In 1926, Castelnuovo-Tedesco premiered his opera La Mandragola, based on a play by Niccolò Machiavelli. It was the first of his many works inspired by great literature, and which included interpretations of works by Aeschylus, Virgil, John Keats, Miguel de Cervantes, Federico García Lorca, and especially William Shakespeare.

At the 1932 festival of the International Society of Contemporary Music, held in Venice, Castelnuovo-Tedesco first met the Spanish guitarist Andrés Segovia. The meeting inspired Castelnuovo-Tedesco to write his Guitar Concerto No. 1, one of the first of almost one hundred compositions for that instrument, which earned him a reputation as one of the foremost composers for the guitar in the twentieth century.

In 1938 the Italian government promulgated the Italian Racial Laws and Castelnuovo-Tedesco was banned from the radio while performances of his work were canceled. The new racial laws, however, convinced him that he should leave Italy. He wrote to Arturo Toscanini, who left Italy in 1933, explaining his plight, and Toscanini responded by promising to sponsor him as an immigrant in the United States. Castelnuovo-Tedesco left Italy in 1939, shortly before the outbreak of World War II.

Like many artists who fled fascism, Castelnuovo-Tedesco ended up in Hollywood, where, with the help of Jascha Heifetz (2 February [O.S. 20 January] 1901 – 10 December 1987, Lithuania-born American violinist, widely considered to be one of the finest violinists of modern times), he landed a contract with Metro-Goldwyn-Mayer as a film composer.

Over the next fifteen years, he worked on scores for some 200 films there and at the other major film studios. Rita Hayworth hired him to write the music for The Loves of Carmen (1948), produced by Hayworth for her Beckworth Productions and released by Columbia Pictures.

Castelnuovo-Tedesco was a significant influence on other major film composers, including Henry Mancini, Nelson Riddle, Herman Stein, and André Previn. Jerry Goldsmith, Marty Paich, and John Williams were all his pupils, as was Scott Bradley, who studied privately with him while both were on staff at MGM. His relationship to Hollywood was ambiguous: later in life he attempted to deny the influence that it had on his own work, but he also believed that it was an essentially American art form, much as opera was European.

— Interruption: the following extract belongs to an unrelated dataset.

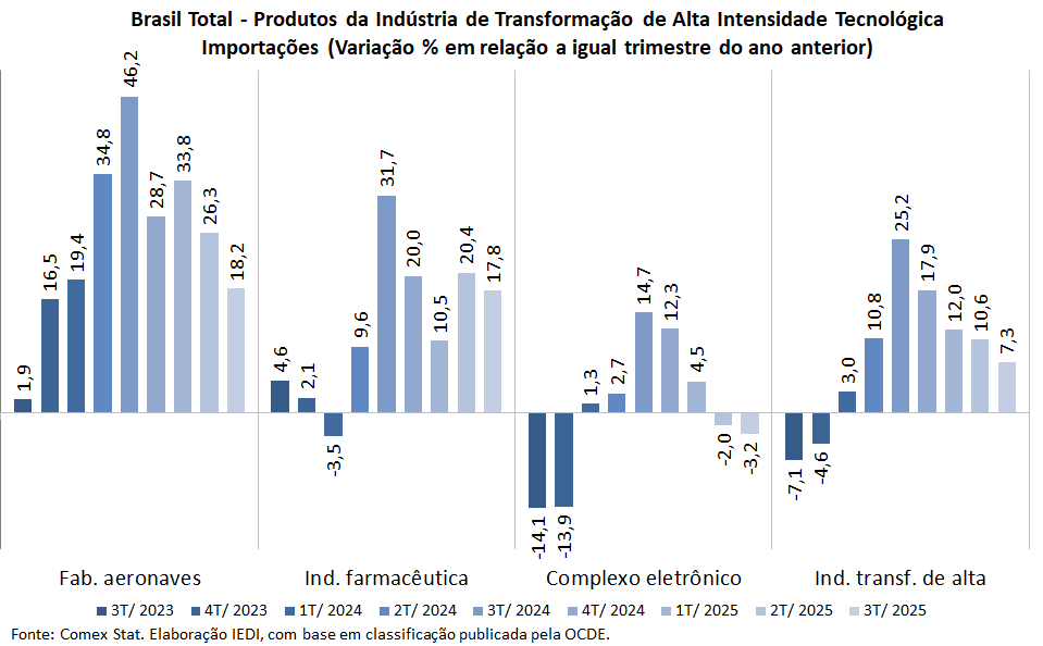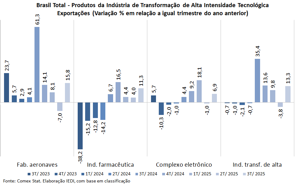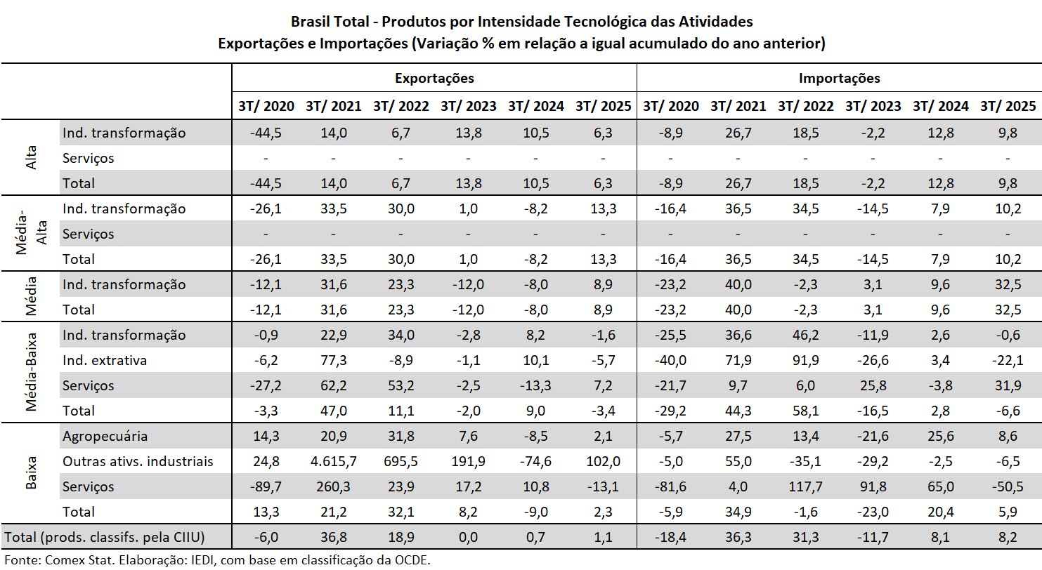 Em julho-setembro, a balança dos produtos das indústrias de alta intensidade ficou deficitário em US$ 13,1 bilhões, superando o déficit do trimestre correspondente de 2024. Suas exportações avançaram 13,3%, chegando a US$ 2,4 bilhões. As importações, a seu turno, cresceram 7,3%, mas sobre uma base bem maior, atingindo assim US$ 15,5 bilhões.

In the United States, Castelnuovo-Tedesco also composed new operas and works based on American poetry, Jewish liturgy, and the Bible. He died in Beverly Hills, California, in 1968 at the age of 72. He is buried at Westwood Village Memorial Park Cemetery.

Notes

  1. Andrés Segovia said in 1967 that: “I had to rescue the guitar twice: first, from the noisy hands of the flamenco players. And second, from the poor repertoire that it had. The repertoire, save Sor, Fernando Sor, from the end of the 18th century and the beginning of the 19th century, who composed many beautiful things for the guitar; and a little bit Carulli [Ferdinando] and Giuliani [Mauro]. All the other composers for the guitar were very poor. They had not the proper training in music, and they gave the guitar fervent and devoted incompetence. And, finally, I asked my friends to write for the guitar. The first to answer was Federico Morena Torroba, Spanish, then Turina [Joaquin], then Falla [Manuel de], and then many others up to now.”